For DGAM, the decision marks a reversal of fortunes. Carlyle bought the firm for roughly $30-million (U.S.) in 2013, offering to pay up to $70-million more should it meet certain return thresholds. On Friday, the private equity buyer scrapped the investment, closing DGAM altogether.
When DGAM was founded in 2004, hedge funds were mostly in their infancy. Few of the major investors that wanted exposure to this world had the necessary expertise to make money. To help, DGAM would advise on which hedge funds to invest in, making sure the collection of funds had different assets and weren't too closely correlated to one another.
Over the years, these major investors have become much more sophisticated, building their own in-house teams to manage hedge fund exposures.

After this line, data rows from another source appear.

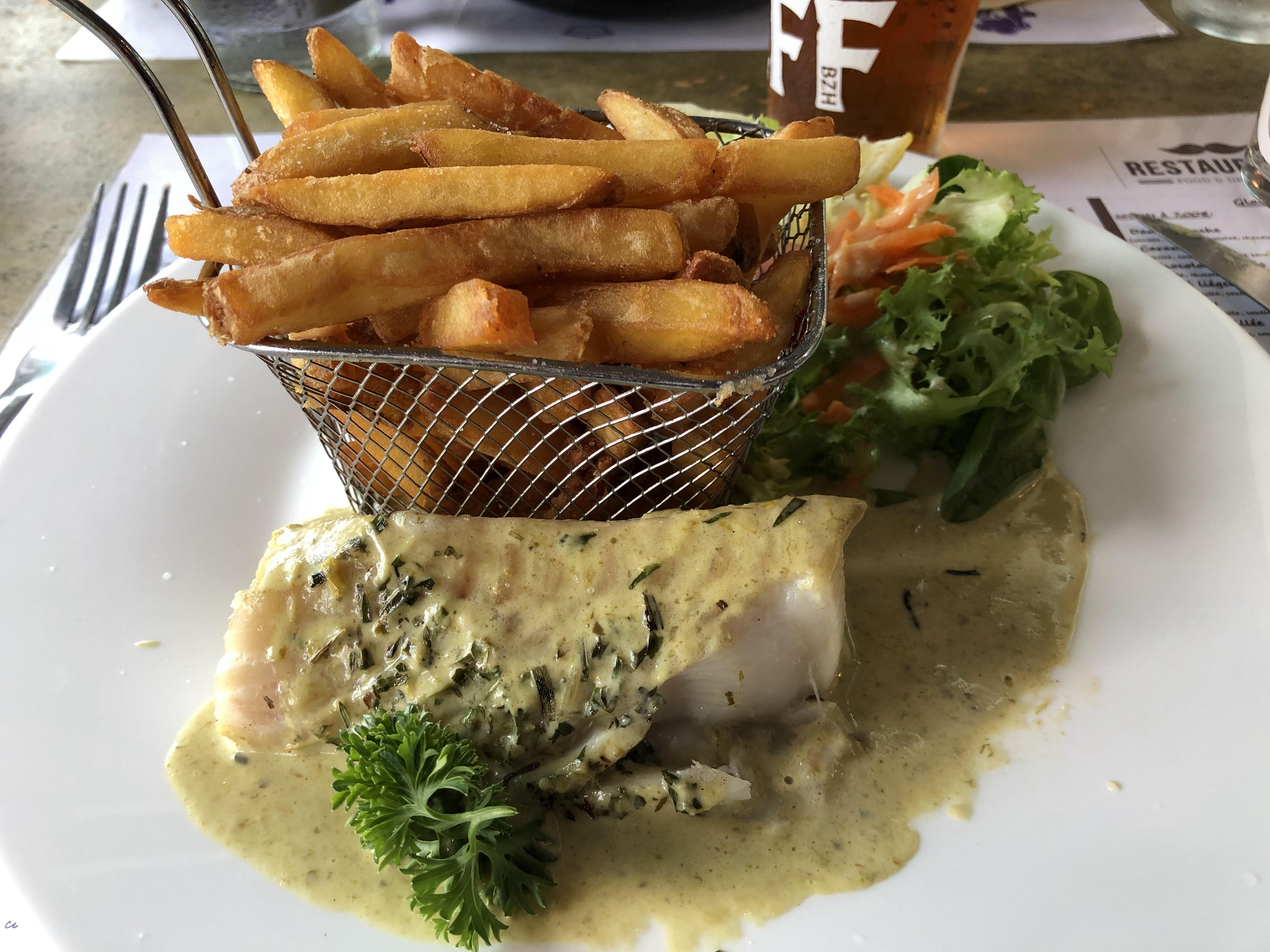 Un morceau de cabillaud sec, tiède, fade avec, je pense une St Jacques minuscule et une crevette aussi minuscule, quelques légumes que je n’ai pas pu identifier, du riz mal égoutté et fade et, sous tout cela, une tache liquide rougeâtre. On nous avait prévenu que la sauce au beurre blanc avec du vin rouge. Cette sauce n’avait rien à voir avec une sauce au beurre blanc. J’aurais aussi pensé qu’un cuisinier savait qu’une sauce nappe le poisson ou la viande.Les choux étaient de fabrication industrielle. Le vin ordinaire et le café acceptable. Nous avons payé cher pour voir des bateaux amarrés pendant que nous mangions.
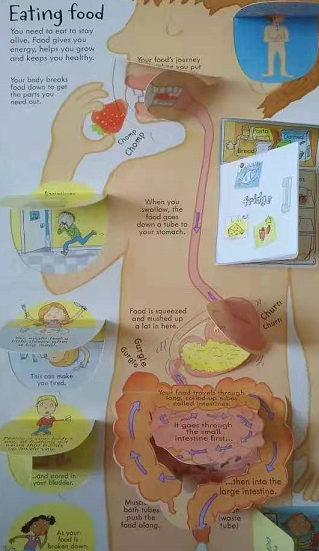 比如,这页讲吃东西的时候,食物进到身体之后都会发生什么。胃可以翻开,里面就是食物在胃里的样子。上面还有一个小冰箱,门拉开之后,里面就是各种食物。
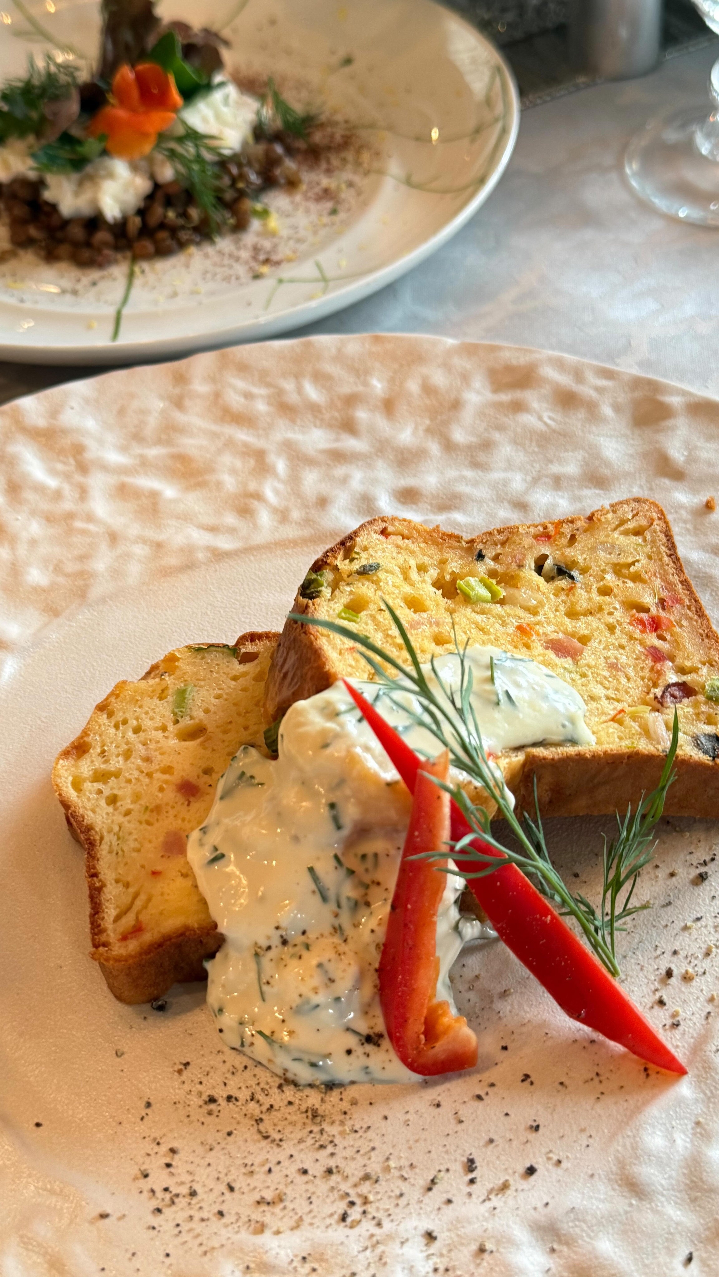 アミューズに立派な佐島のヒラメ上にはトマトのあっさりしたトッピング、下にはブロッコリーソースと
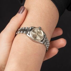 cassa in acciaio, fondello serrato a vite ref. 7582, lunetta zigrinata in oro bianco, corona marcata Rolex, quadrante argentè con indici applicati al trizio, grafica nera, datario a ore tre con lente cyclope, movimento a carica automatica cal 2555, bracciale jubilee in acciaio ref. 62523 finali 485B, lungh. interna cm 19, chiusura a scatoletta marcata Rolex, vetro plastica. Diam. mm 24.

That's changed the fee structure for many fund-of-fund managers, as they are known – they used to be paid a percentage of assets under management; today, they mostly make advisory fees that can be as low as 20 per cent of what they once earned.
Because the margins are much slimmer, it takes scale to be successful. Those who do it well often advise on $50-billion or more in assets. DGAM had $6.7-billion in assets when Carlyle bought the firm in late 2013.
Hedge funds, broadly speaking, have also fallen out of favour. Before the financial crisis, many of them delivered outsized returns, so major investors such as pension funds and sovereign wealth funds wanted exposure to them. Lately, their returns haven't been nearly as stellar, and that has made some big institutions question their exposures. Pension giant California Public Employees' Retirement System (Calpers) said it would exit hedge funds altogether.
Carlyle first acquired DGAM when it was on a mission to diversify its earnings away from traditional buyouts. Lately, management has seemed unhappy with the results. In December, Carlyle said Jacques Chappuis, the former fund-of-funds head, had left the firm and would become an outside adviser.
DGAM chief executive officer George Main did not reply to a request for comment.